▶ [Source material]
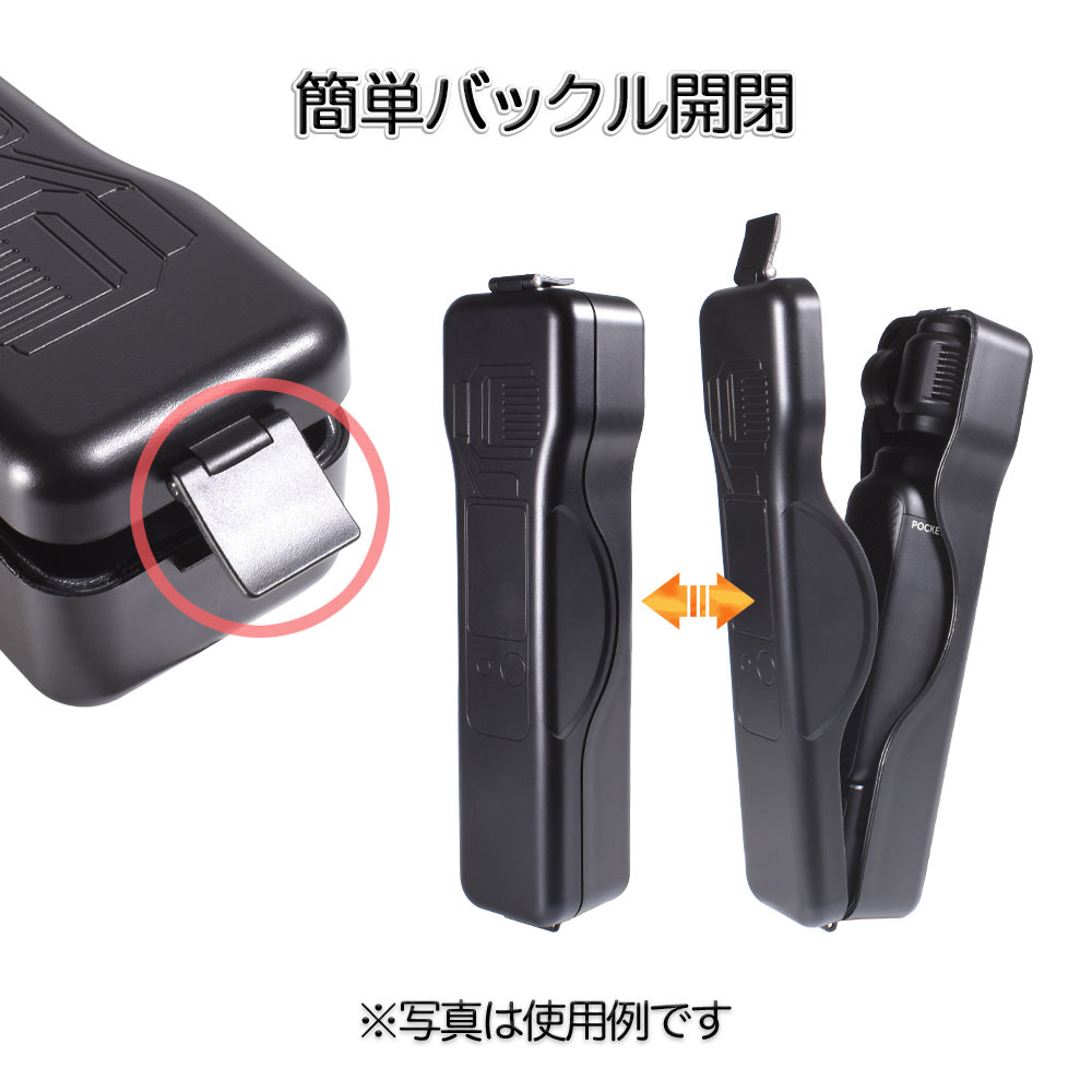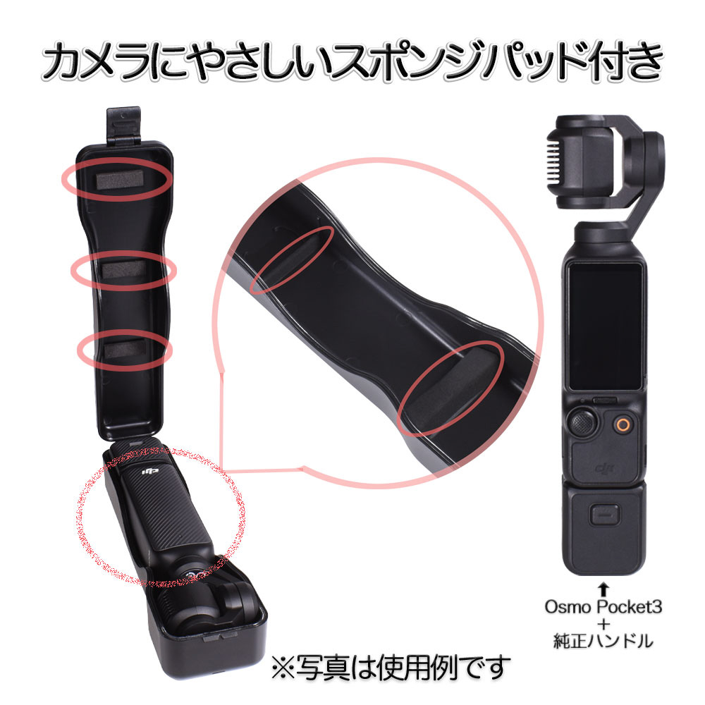 DJI Osmo Pocket3専用の軽量プラスチックケース。純正ハンドル装着時も収納可能で、衝撃や砂埃からしっかり保護。レンズフィルターも2枚収納でき、ストラップ付きで持ち運びに便利です。
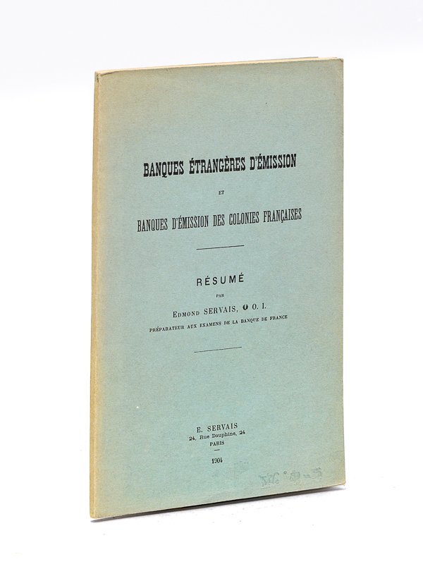 Résumé par Edmond Servais, Préparateur des Examens de la Banque de France, 1 vol. in-8 br., E. Servais, Paris, 1904, 105 pp. Bel exemplaire en très bel état. Peu commun.
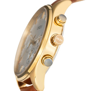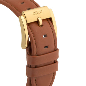 Classic and refined, this ORZU men’s watch features a crisp white round dial paired with a supple brown leather strap. Designed for enduring comfort and crafted with premium materials, it offers exceptional quality and timeless style—ideal for elevating everyday looks or complementing formal attire with effortless elegance.
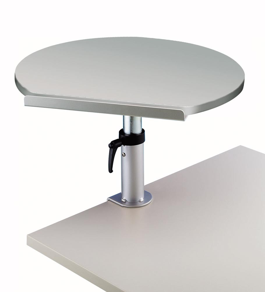 · Hochwertige Arbeitsplatte, besonders formstabil und leicht zu reinigen · Platte um 10° nach vorne neigbar und um 360° drehbar · Anschlagkante und Ablage für Stifte und Utensilien · Teleskopsäule aus Stahl, Ø 60 mm · Stufenlos höhenverstellbar · Fixierung ohne Kraftaufwand durch ergonomischen Klemmhebel · Klemmfuß, 100 mm breit, für Tischplatten bis 80 mm Stärke · Schreibtischschonende Unterlage · Höhe ab Schreibtischplatte 310-430 mm · Traglast 30 kg
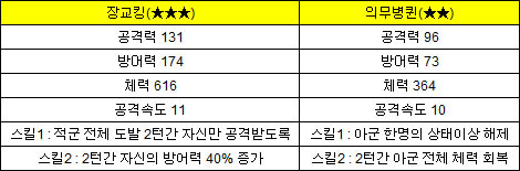그 주인공은 바로 '장교 킹'과 '의무병 퀸'이다. 두 영웅의 능력치는 다음과 같다.
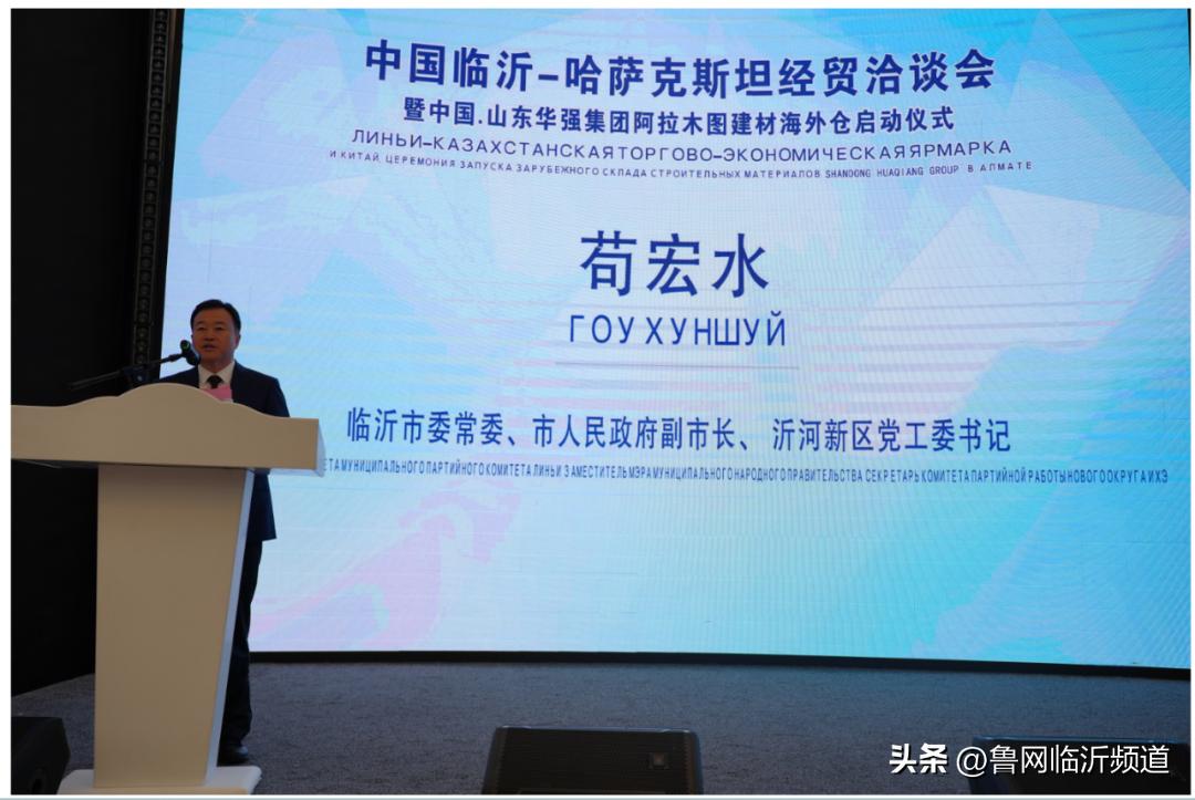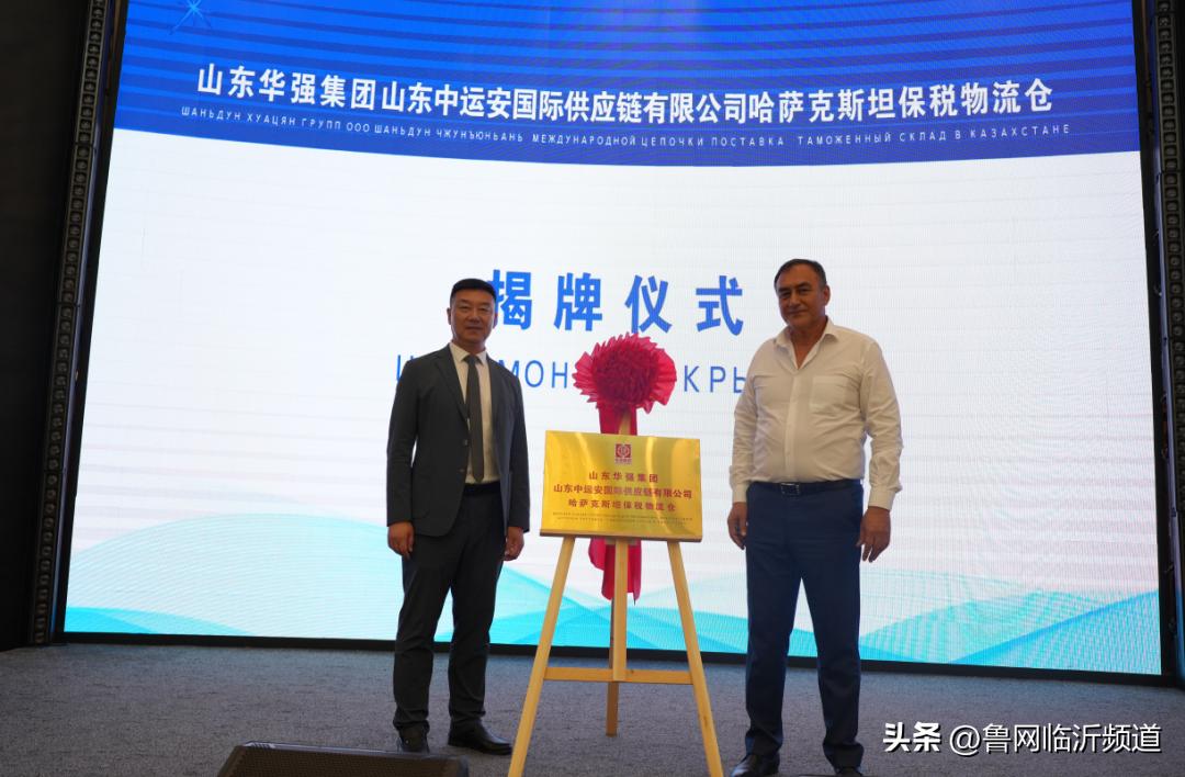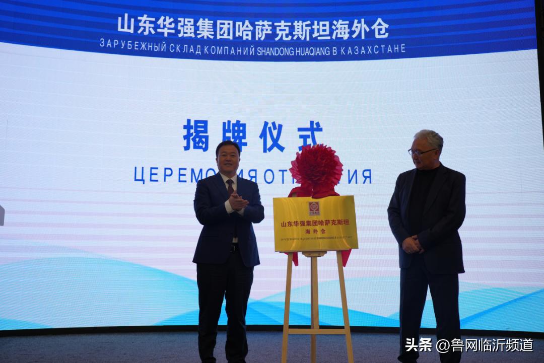 临沂市委常委、副市长,沂河新区党工委书记苟宏水与阿拉木图市图尔克斯区区长阿勒玛嘉别特夫.阿勒达别尔根上台为山东华强集团哈萨克斯坦海外仓进行揭牌。
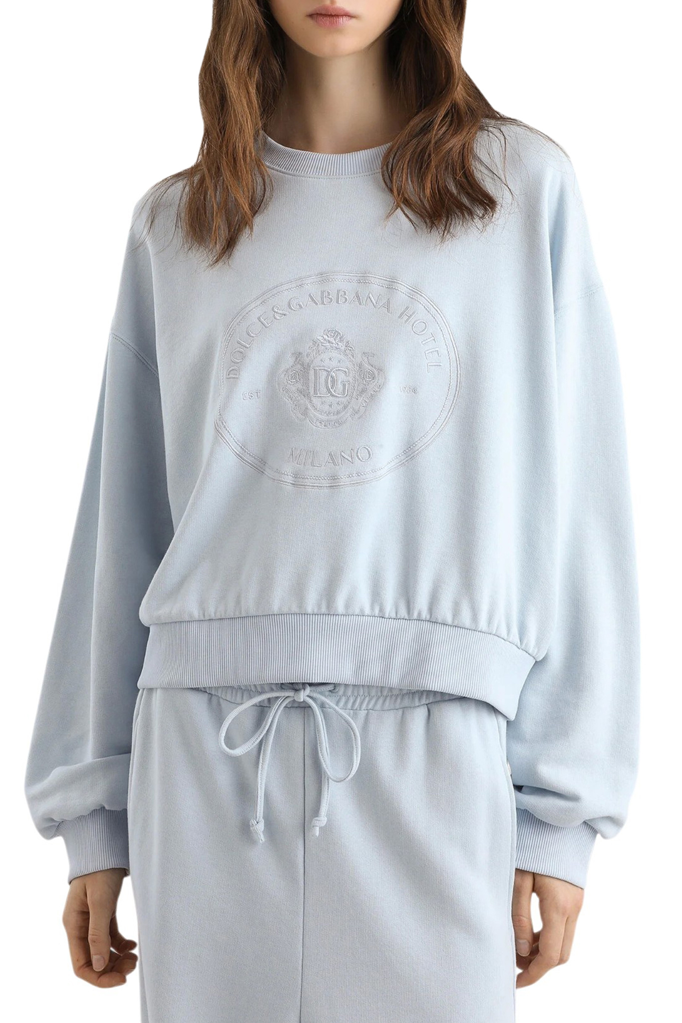 - свитшот с эластичными манжетами расслабленного силуэта украшен спереди крупной вышитой эмблемой с логотипом бренда;

▶ [Aim of the task] Your task is to copy word for word the lines from the line containing "그 주인공은 바로 '장교" to the end of the listing, both included, and to drop any pictures.

▶ [Reply to the exercise]
그 주인공은 바로 '장교 킹'과 '의무병 퀸'이다. 두 영웅의 능력치는 다음과 같다.
 临沂市委常委、副市长,沂河新区党工委书记苟宏水与阿拉木图市图尔克斯区区长阿勒玛嘉别特夫.阿勒达别尔根上台为山东华强集团哈萨克斯坦海外仓进行揭牌。
 - свитшот с эластичными манжетами расслабленного силуэта украшен спереди крупной вышитой эмблемой с логотипом бренда;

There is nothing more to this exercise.